Records excerpted from a collection
---*---
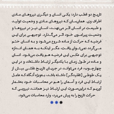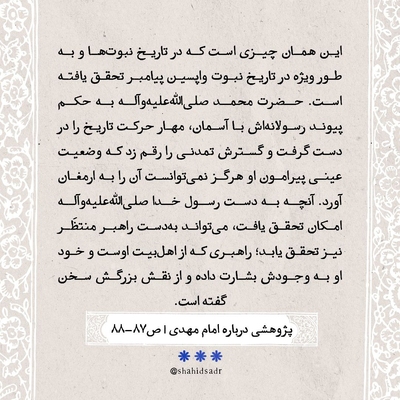 حضرت محمد(ص) به حکم پیوند رسولانهاش با آسمان، مهار حرکت تاریخ را در دست گرفت و گسترش تمدنی را رقم زد که وضعیت عینی پیرامون او هرگز نمیتوانست آن را به ارمغان آورد. آنچه به دست رسول خدا(ص) امکان تحقق یافت، میتواند بهدست راهبر منتظَر نیز تحقق یابد؛ راهبری که از اهلبیت(ع) اوست و خود او به وجودش بشارت داده و از نقش بزرگش سخن گفته است. [پژوهشی درباره امام مهدی(عج)، ص٨٧-٨٨]
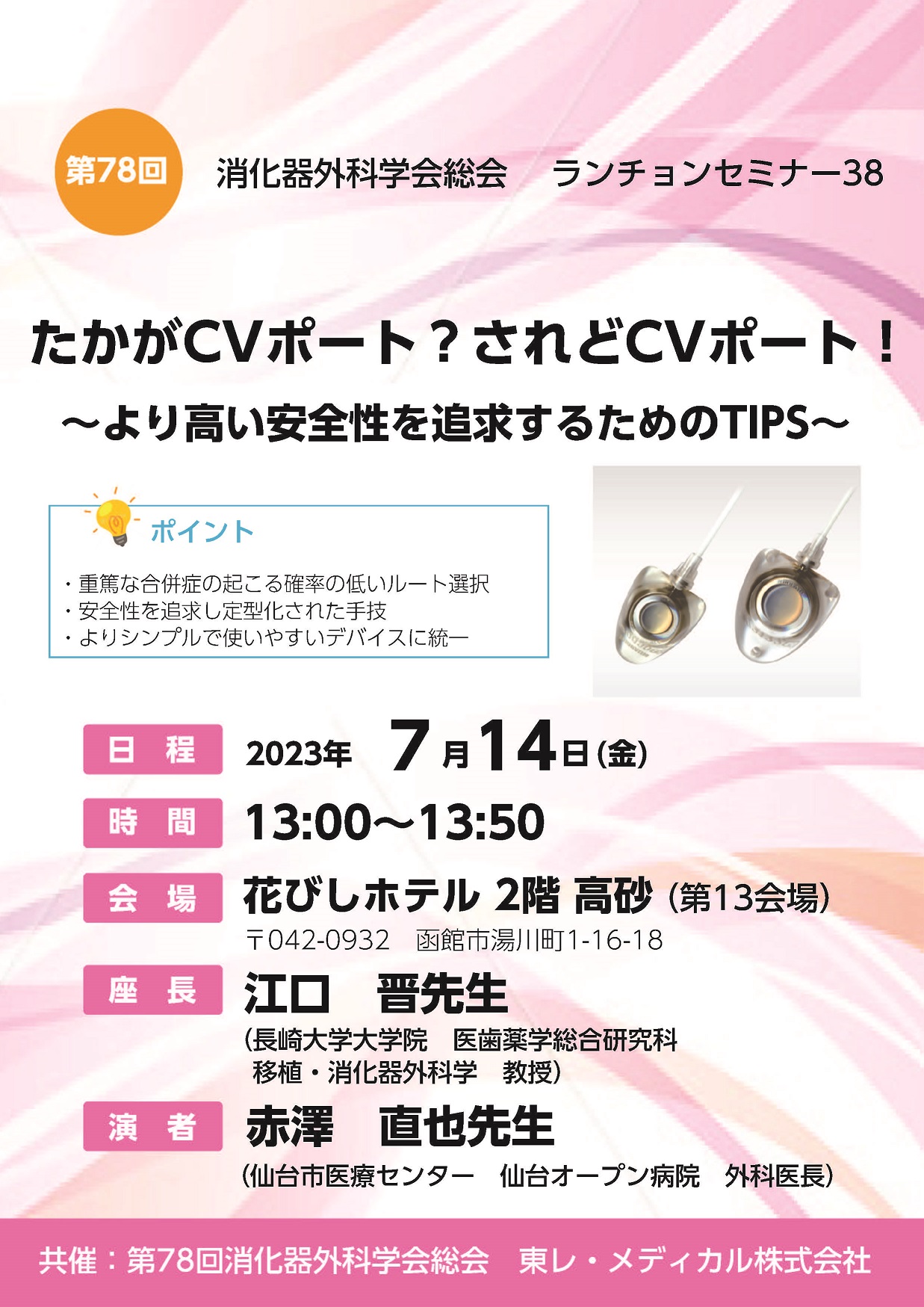 ランチョンセミナー38 たかがCVポート?されどCVポート! 〜より高い安全性を追求するためのTIPS〜 2023年7月14日(金) 13:00 - 13:50 第13会場 | 花びしホテル 2階 高砂 共催:東レ・メディカル株式会社 |
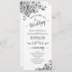 Este belo programa de casamento apresenta um elegante design preto e branco com caramujos e espirais nos cantos. Os títulos são escritos em caligrafia de rico, e há espaço para seus detalhes de cerimônia e festa de casamento, assim como um obrigado curto para seus convidados. É uma maneira maravilhosa de dar as boas-vindas aos seus amigos e familiares à sua celebração de casamento.
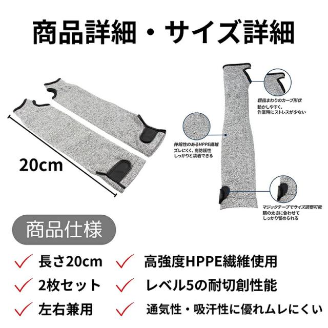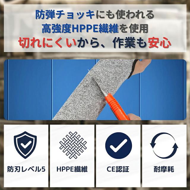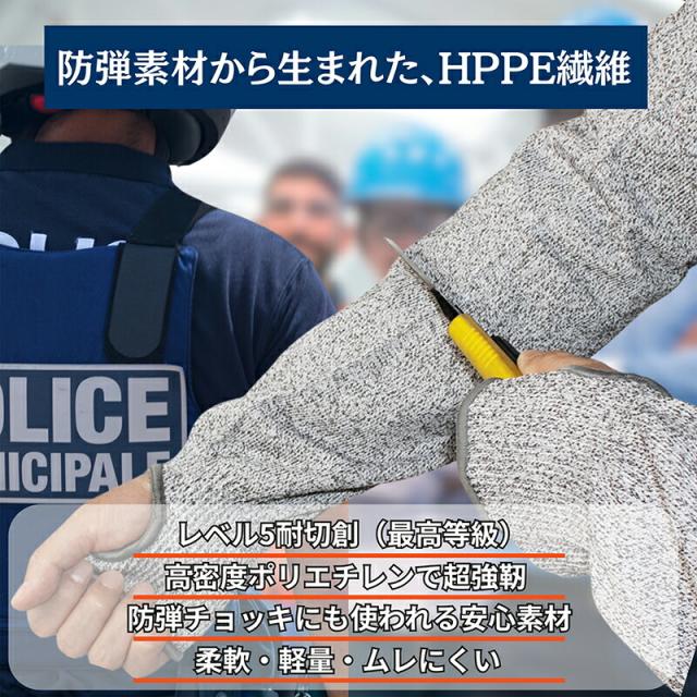 商品詳細: 様々な危険から腕を守る切れないアームガード!特殊なHPPE線維でできていて耐切創はレベル5を実現! 手の甲までガードし、危険な刃物を使う時に腕をしっかり保護します!防刃手袋と一緒に使用するとさらに安全性が増します。
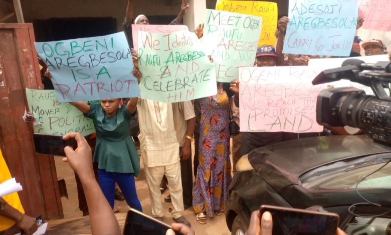 They later carried placards with different inscriptions like: Aregbesola will reach the promise land, God will continue to protect Aregbesola, Ogbeni is a patriot, Aregbesola is a mover and shaker of politics, Adesoji Aregbesola carry go joor, We identify with Rafiu Aregbesola and celebrate him.
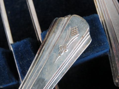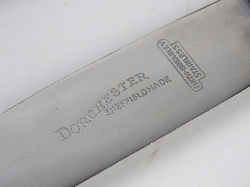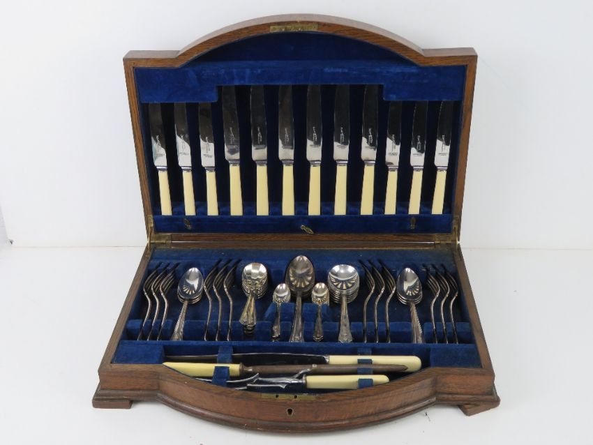 A quantity of silver plated and stainless steel cutlery inc carving set contained within oak canteen.
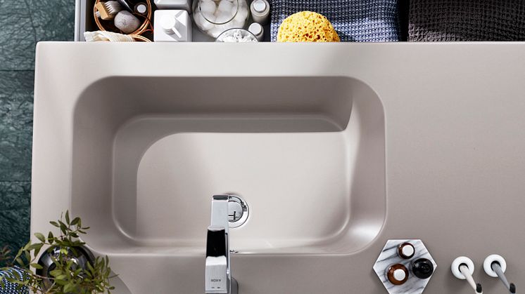 Möblerna i Alternas All Day Color-serie matchas fint av tvättställ i samma färg för en sober och enhetlig stil. I badrumsserien ingår kommod med mjukstängande lådor och tvättställ i tunt porslin samt högskåp med vändbara dörrar och glashyllor. Kommoden finns i fyra bredder, där den bredaste kan väljas med ho till vänster, centrerad eller till höger. All Day Color finns i två färgskalor – sobert svart eller klassiskt beige.
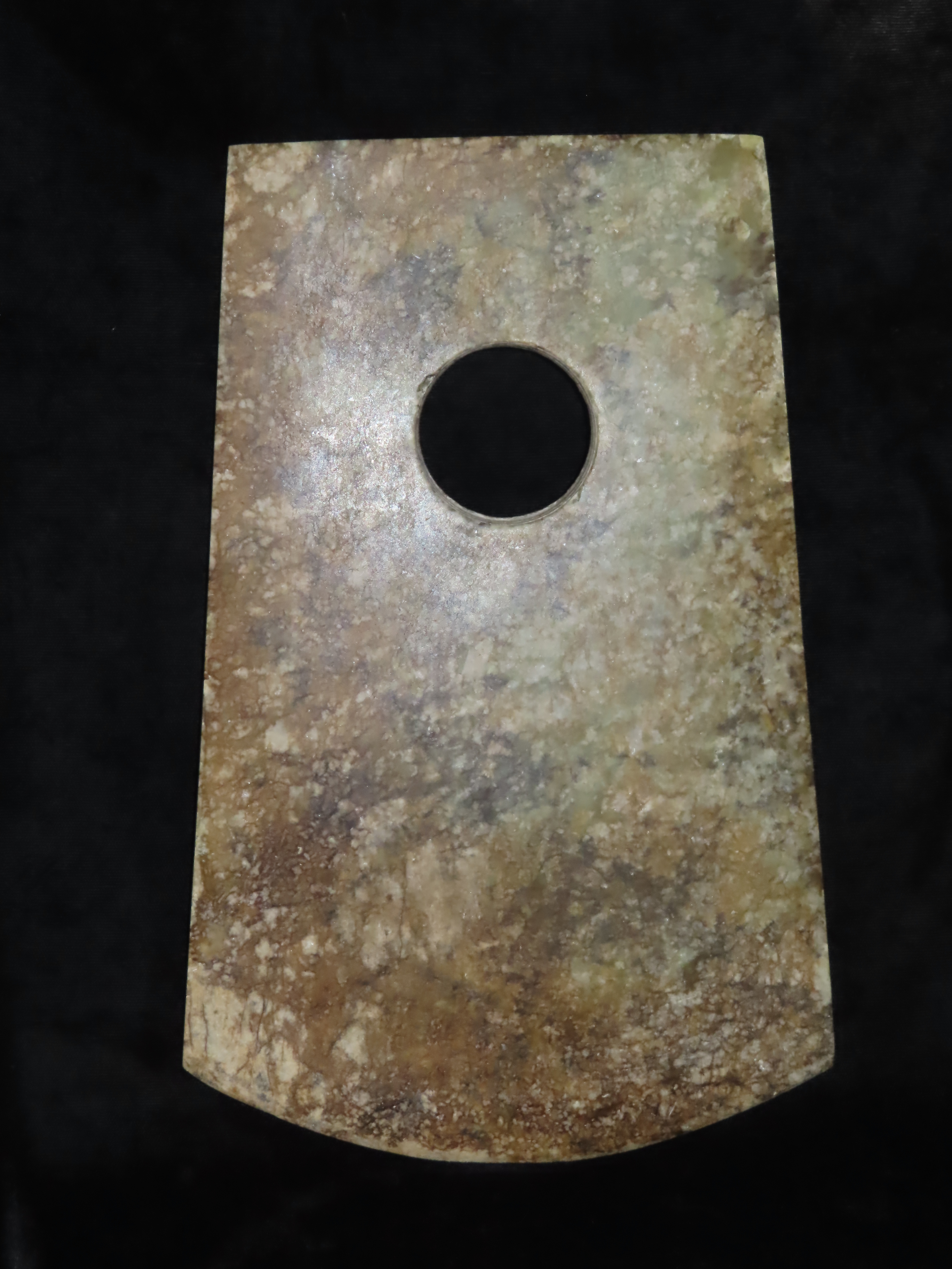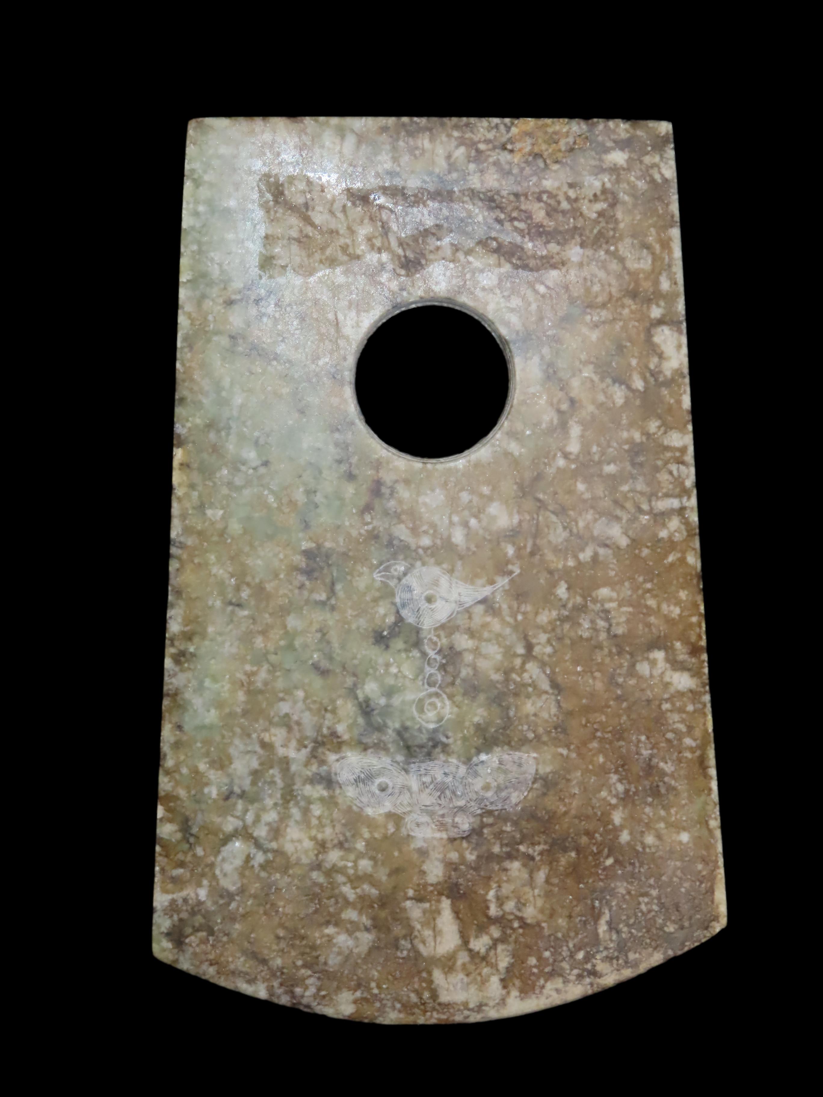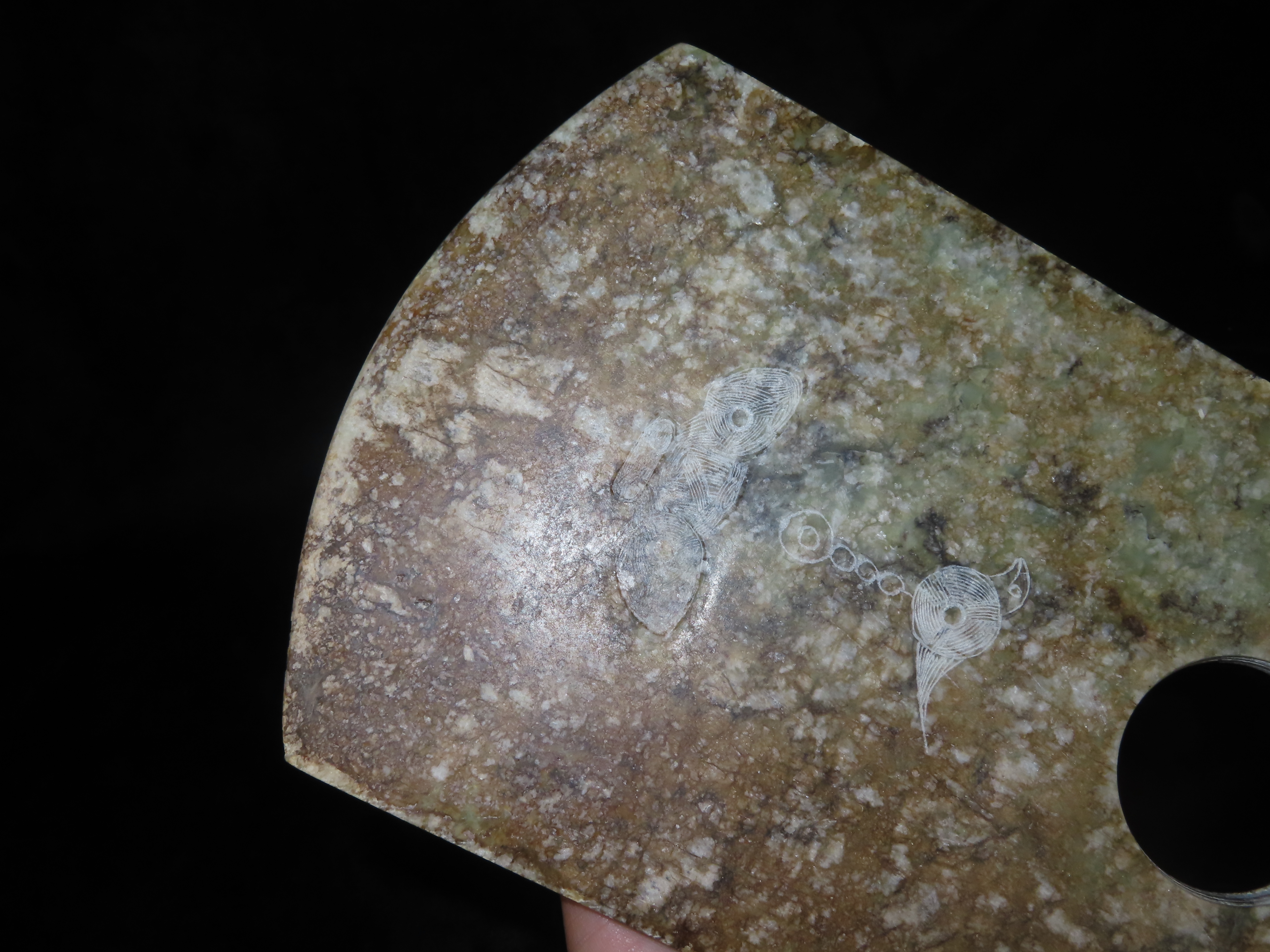 Chinese Neolithic Period Jade Axe with motif of the Liang Zhu Culture, 3500-2000 BC, Excavated in Zhejian Province in Southeastern China, Herb Mangold Collection, Quincy, Illinois
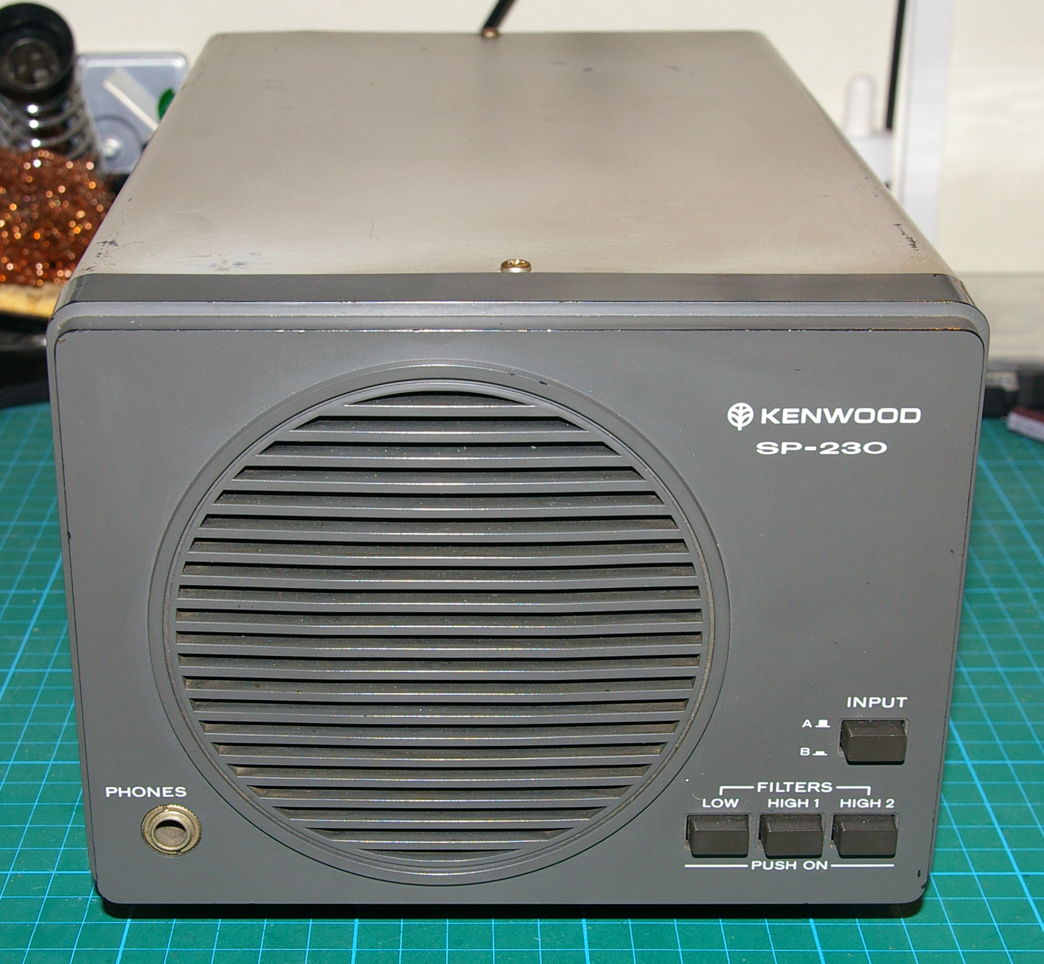 El SP-230 de Kenwood es un altavoz optimizado para radioescucha que mediante su cuádruple filtro de audio permite atenuar algunos ruidos de fondo para recuperar la inteligibilidad de la voz de los radioaficionados corresponsales. En este caso este equipo fue modificado y no era posible escuchar el audio usando la conexión que llevaba.
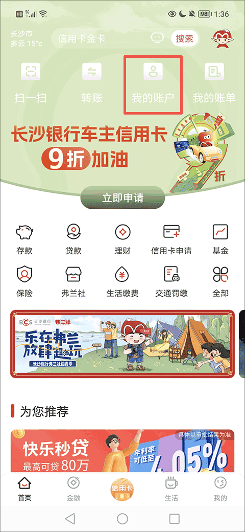 在长沙银行e钱庄app的账户管理功能中,用户可以实现远程开户,享受余额理财、便民缴费、资产管理等金融生活服务,其中便民缴费首创全国车辆在湘违章一站式服务。
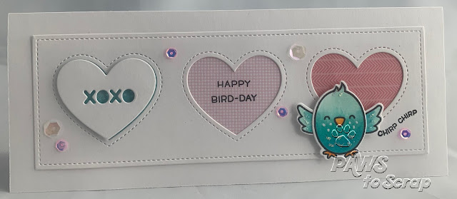 I did go with a slimline design using the die from last year's release. Valentine stamps and dies to make a CAS birthday greeting. And yes, there's a little dimension, but I tried to keep some white space.
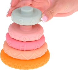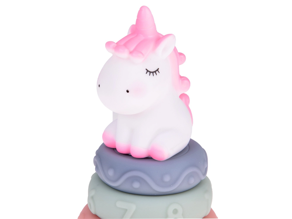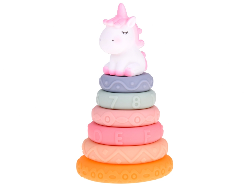 Gumijas un sensorā piramīda ir lieliska rotaļlieta pašiem mazākajiem. Tā sastāv no vienradža figūriņas un sešiem savstarpēji kārtojamiem gredzeniem, kas veicina smalkās motorikas attīstību un krāsu atpazīšanu.
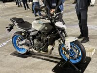 ジャンルとしては、ストリートスポーツモデルとも言えるMTシリーズですが、夜に走って都会のネオンや高速の照明の中でバエるデザイン、カラーリングを目指しているわけで、ホイールの蛍光パステルカラーを差し色に使ってきたのも、そういうシーンで目に残像が残るようなイメージを狙っているからのようです。
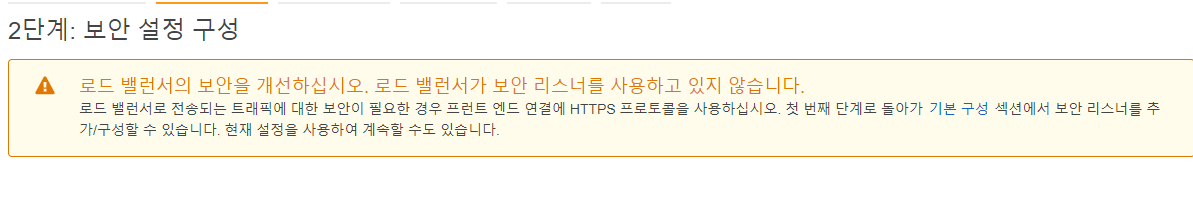 [보안 설정 구성]은 SSL 설정인데 이번 실습에선 적용하지 않으므로, [보안 그룹 구성]으로 넘어간다.
---*---
YOUR ASSIGNMENT
Exactly as written, restate the lines from the one that contains "El SP-230 de" through the final line of the data, both ends included, but leave out the pictures.

REPLY TO THE EXERCISE
 El SP-230 de Kenwood es un altavoz optimizado para radioescucha que mediante su cuádruple filtro de audio permite atenuar algunos ruidos de fondo para recuperar la inteligibilidad de la voz de los radioaficionados corresponsales. En este caso este equipo fue modificado y no era posible escuchar el audio usando la conexión que llevaba.
 在长沙银行e钱庄app的账户管理功能中,用户可以实现远程开户,享受余额理财、便民缴费、资产管理等金融生活服务,其中便民缴费首创全国车辆在湘违章一站式服务。
 I did go with a slimline design using the die from last year's release. Valentine stamps and dies to make a CAS birthday greeting. And yes, there's a little dimension, but I tried to keep some white space.
 Gumijas un sensorā piramīda ir lieliska rotaļlieta pašiem mazākajiem. Tā sastāv no vienradža figūriņas un sešiem savstarpēji kārtojamiem gredzeniem, kas veicina smalkās motorikas attīstību un krāsu atpazīšanu.
 ジャンルとしては、ストリートスポーツモデルとも言えるMTシリーズですが、夜に走って都会のネオンや高速の照明の中でバエるデザイン、カラーリングを目指しているわけで、ホイールの蛍光パステルカラーを差し色に使ってきたのも、そういうシーンで目に残像が残るようなイメージを狙っているからのようです。
 [보안 설정 구성]은 SSL 설정인데 이번 실습에선 적용하지 않으므로, [보안 그룹 구성]으로 넘어간다.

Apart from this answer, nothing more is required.